◆ DIRECTIONS FOR THIS TASK: Please print, exactly, only the lines in the entries below from the line that has "海斯迪克 铝箔隔热棉 HKW-42" through the line that has "Ультибро бризхалер купить, цена". Pictures don't go in.

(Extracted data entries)
· · · · · · ·

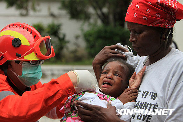 ????1月14日,在海地首都太子港,中國國際救援隊的醫(yī)務(wù)人員拉著一位小朋友的手,安慰他很快就會不痛了。當日,中國國際救援隊的醫(yī)護人員來到海地總理府前的廣場,為在這里避難的群眾進行診療,開展醫(yī)療救助。加勒比島國海地當?shù)貢r間12日下午發(fā)生里氏7.3級強烈地震,首都太子港大量房屋倒塌,交通通訊中斷,人員傷亡情況至今難以統(tǒng)計,海地領(lǐng)導(dǎo)人估計死亡人數(shù)可能超過數(shù)萬人。新華社記者邢廣利攝
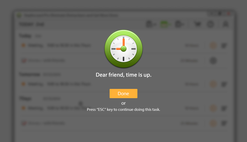 Schedule your tasks for ‘Today’, ‘Tomorrow’, ‘SOMEDAY’ or ‘UPCOMING’. Repeat tasks for ‘Once a day’, ‘Once a week’, ‘Once a month’ or ‘Once a year’.
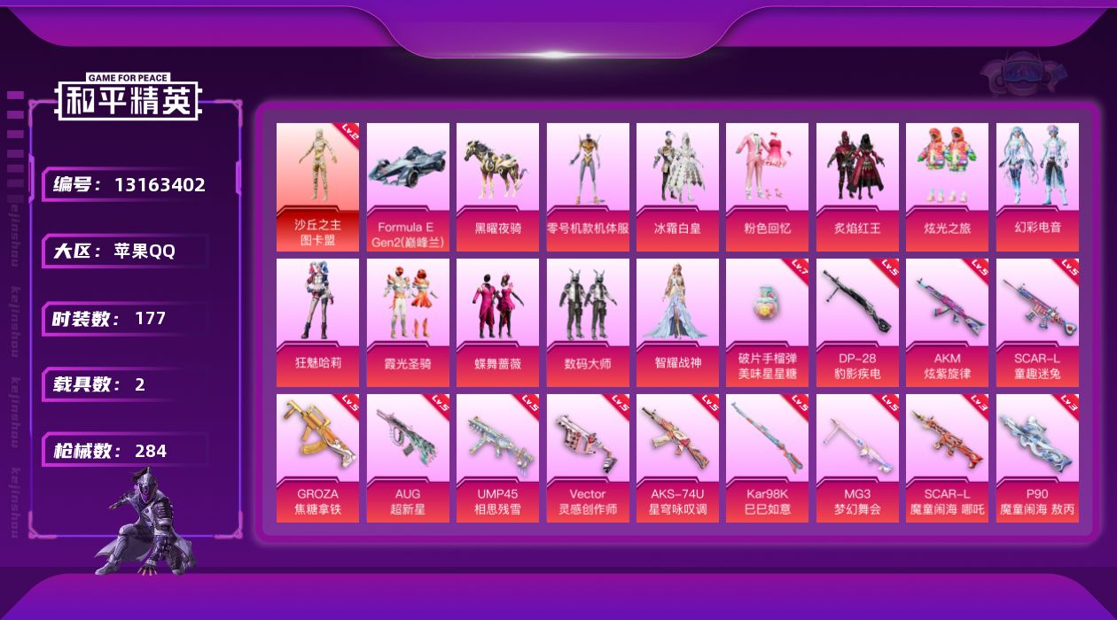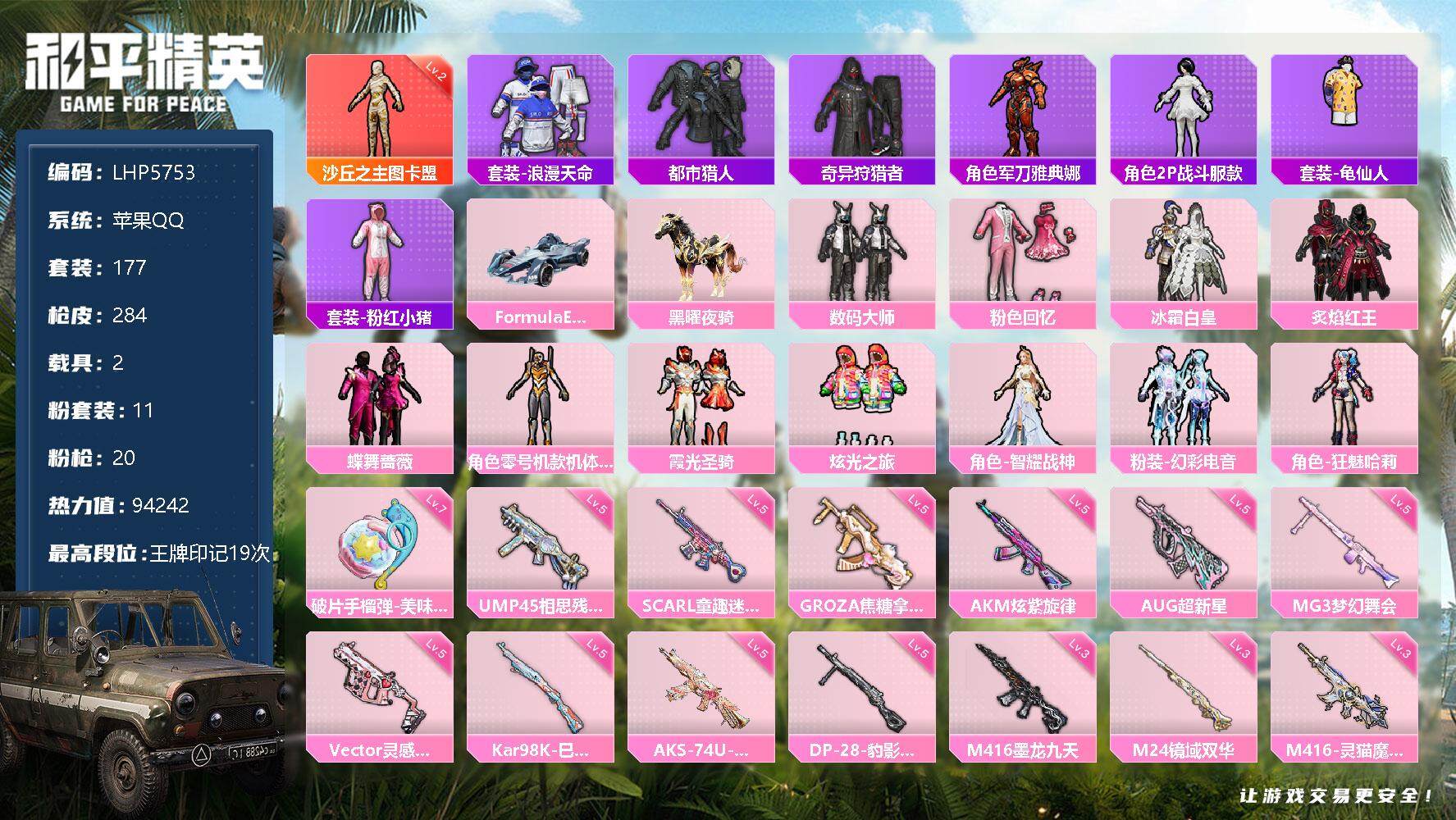 [13163402]素材身法号/绝世印记3/璀璨碎片654 苹果 手Q-1神装-11粉装-20特效枪-2载具-6粉色飞行器-9.4w热力值-19王牌印记-177套装-284枪皮【红色神装等级】:沙丘之主-图卡盟(二级)【热门品类】:套装-浪漫天命,套装-都市猎人,套装-奇异狩猎者,角色-军刀雅典娜,角色-2P战斗服款,套装-龟仙人,套装-粉红小猪【粉色载具】:Formula E Gen2(巅峰兰),黑曜夜骑【粉色套装】:粉装-数码大师,粉装-粉色回忆,粉装-冰霜白皇,粉装-炙焰红王,粉装-蝶舞蔷薇,角色-零号机款机体服,粉装-霞光圣骑,粉装-炫光之旅,角色-智耀战神,粉装-幻彩电音,角色-狂魅哈莉【粉色枪皮等级】:AKM-炫紫旋律(五级),SCAR-L-童趣迷兔(五级),SCAR-L-青春物语(一级),SCAR-L-魔童闹海 哪吒(三级),M416-心之恋语(一级),M416-墨龙九天(三级),M416-灵猫魔法师(三级),GROZA-焦糖拿铁(五级),AUG-超新星(五级),UMP45-相思残雪(五级),Vector-灵感创作师(五级),AKS-74U-星穹咏叹调(五级),P90-能量风暴(一级),P90-魔童闹海 敖丙(三级),Kar98K-巳巳如意(五级),M24-镜域双华(三级),DP-28-圣堂之誓(一级),DP-28-豹影疾电(五级),MG3-梦幻舞会(五级),破片手榴弹-美味星星糖(七级)【粉色飞行器】:拂晓神骑飞行器,沙丘之主天马,龙翔九天飞行器,灵猫魔法师飞行器,飞天猪飞行器,灵珠游龙飞行器
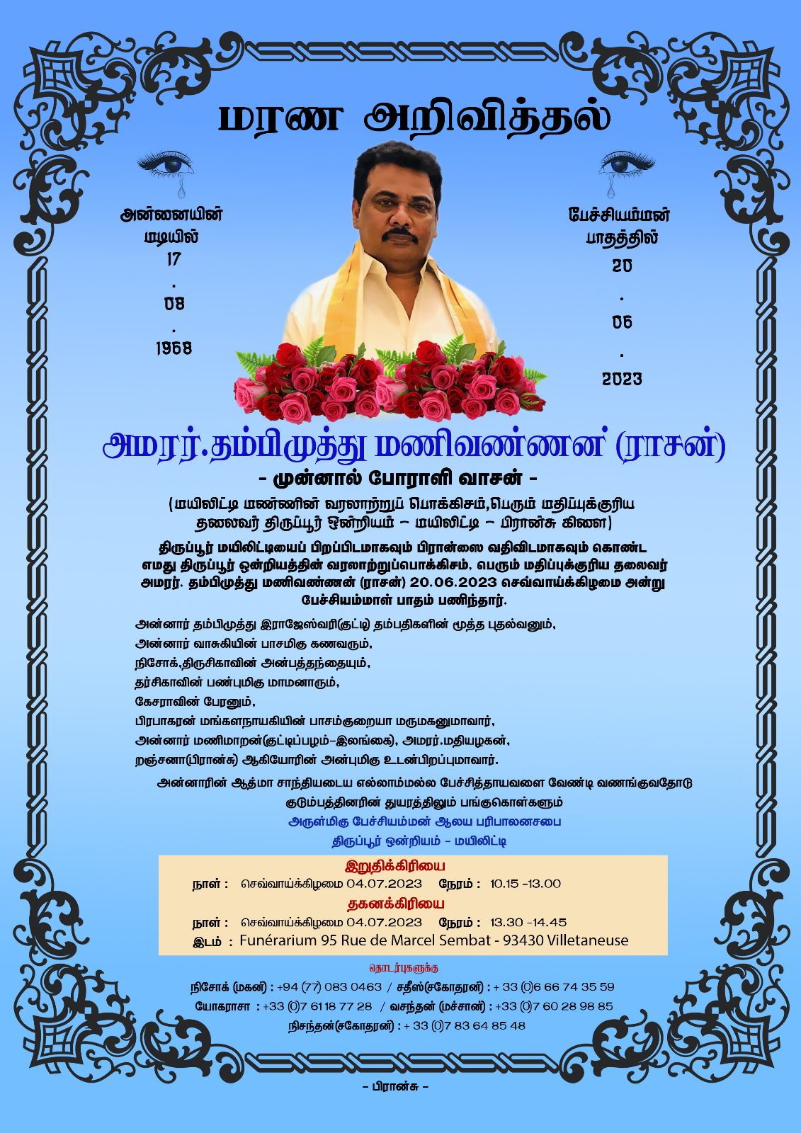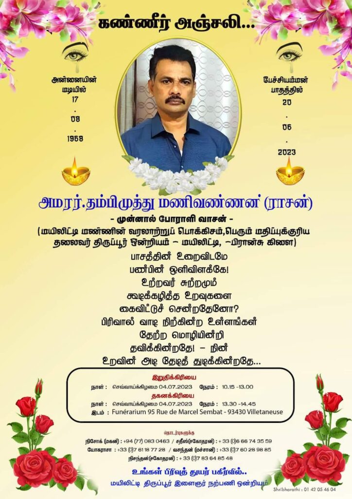 பிரான்சில் சாவடைந்த தமிழீழ விடுதலைப் புலிகளின் முன்னாள் போராளி அமரர்.தம்பிமுத்து மணிவண்ணன் (தீவுராசன் – வாசன்) அவர்களின் இறுதி நிகழ்வு எதிர்வரும் 04.07.2023 செவ்வாய்க்கிழமை Villetaneuse பகுதியில் இடம்பெறவுள்ளது
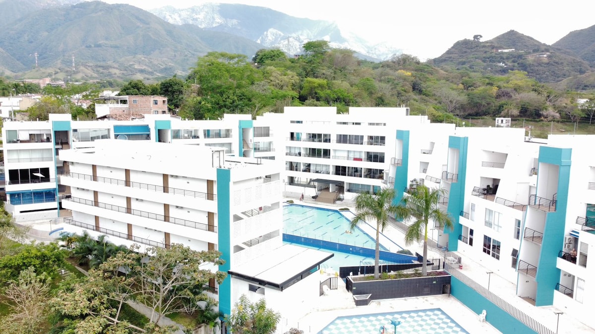 Apartasol en Citadela di Aqua, ubicado en San Jeronimo a tan solo 39 Km de Medellin; Apartamento totalmente nuevo, con vistas a la piscina y montañas, se cuenta con Tv satelital 4K, cocina totalmente equipada, aire acondicionado,etc. El citadela Di aqua te ofrece 6 piscinas tipo cascadas, 6 solarium, tobogán acuático, turco, sauna, yoga, piscinas y juegos acuáticos para niños, cancha de volleyball de playa, cancha sintética de fútbol, cancha de baloncesto, juegos infantiles etc.
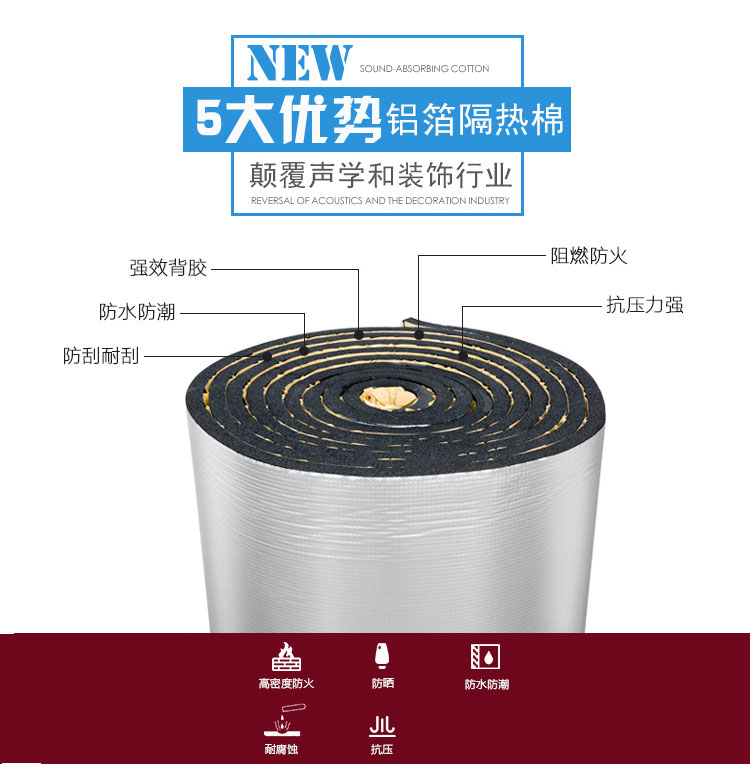 海斯迪克 铝箔隔热棉 HKW-42 丁晴橡胶 10平方米 10mm加强网格铝箔加背胶 1卷
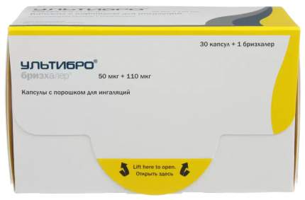 Ультибро бризхалер купить, цена на Ультибро бризхалер в Санкт-Петербурге от 3 171 руб ., инструкция по применению, отзывы Способ применения и дозы Побочные действия Ультибро бризхалер капсулы 50мкг+110мкг №30 Фармакологическое действие Противопоказания Применение при беременности и кормлении грудью Состав Лекарственное взаимодействие Передозировка
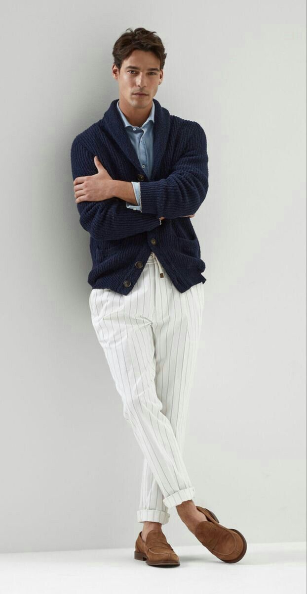 >>1917234 Ты споришь не с тем тезисом. Господь избавил меня от необходимостти носить синий костюм, и строгий синий костюм носят с черной обувью, таки да. Но 1. Черная обувь не является универсальной, напротив, коричневая сочетается проще 2. выше запрос на иной случай, там кардиган, то есть гораздо менее формальный лук, в котором коричневые замшевые челси/броги/лоферы будут уместнее Опять же. синии брюки придется заменить. потому что синий кардиган и синие брюки это почти наверняка пиздец
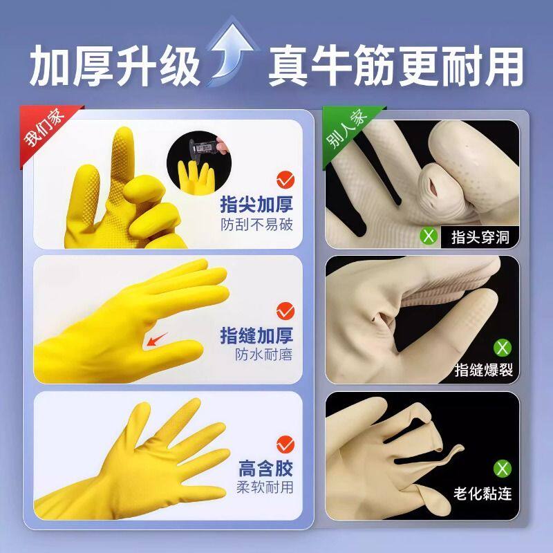 加厚橡胶牛筋乳胶手套家务女手套洗碗清洁家用干活洗衣服乳胶耐磨

· · · · · · ·

◆ WRITTEN RESPONSE:
 海斯迪克 铝箔隔热棉 HKW-42 丁晴橡胶 10平方米 10mm加强网格铝箔加背胶 1卷
 Ультибро бризхалер купить, цена на Ультибро бризхалер в Санкт-Петербурге от 3 171 руб ., инструкция по применению, отзывы Способ применения и дозы Побочные действия Ультибро бризхалер капсулы 50мкг+110мкг №30 Фармакологическое действие Противопоказания Применение при беременности и кормлении грудью Состав Лекарственное взаимодействие Передозировка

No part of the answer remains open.